Myopathies related to thin filament length have also been noted in skeletal muscle. Mutations in the giant sarcomeric protein nebulin result in nemaline myopathy, and the muscle weakness associated with this disease has been linked to shorter thin filament lengths (Ottenheijm et al. 2010, 2013; Lawlor et al. 2011). The effect of thin filament length on contractile function has been studied in skeletal muscle (Granzier et al. 1991; Bang et al. 2006; Witt et al. 2006; Chandra et al. 2009; Gokhin et al. 2009; Ottenheijm et al. 2009), but it is not as well defined for cardiac muscle. For instance, nebulin knockout mice with shorter skeletal muscle thin filament lengths have reduced contractile function but the effect of nebulin knockout on heart contractile activity is not known (Bang et al. 2006; Witt et al. 2006; Gokhin et al. 2009).

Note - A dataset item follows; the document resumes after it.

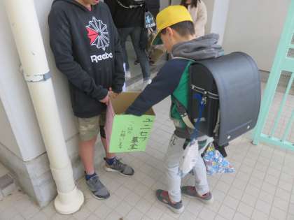 代表委員会の児童はこの取り組みの準備として、募金箱やポスターを作ったり、今日の朝会で全校児童への募金を呼びかけたりしました。そして、今日の登校時から通用門で募金を集めています。

Alteration in expression and localization of CapZ results in HCM. Cardiac-specific overexpression of the CapZ β2 isoform (which normally localizes to the intercalated disc) in mice inhibits expression and localization of the CapZ β1 isoform (Z-disc) and results in the development of HCM (Hart and Cooper 1999). From this study it was suggested that an important function of CapZ is to bind to the Z-disc and anchor actin filaments; loss of CapZ localization leads to myofibrillar disarray and HCM. Further evidence supporting the role of CapZ in HCM came from BAG3 (bcl-2-associated athanogene) knockout mice which show mislocalization of CapZ from the Z-disc resulting in myofibrillar degeneration and development of HCM (Hart and Cooper 1999). Both the BAG3 knockout mouse and CapZ β2 overexpression mouse illustrate the importance of CapZ in stabilization of the Z-disc and maintenance of thin filaments and reveal a role for a thin filament capping protein in HCM.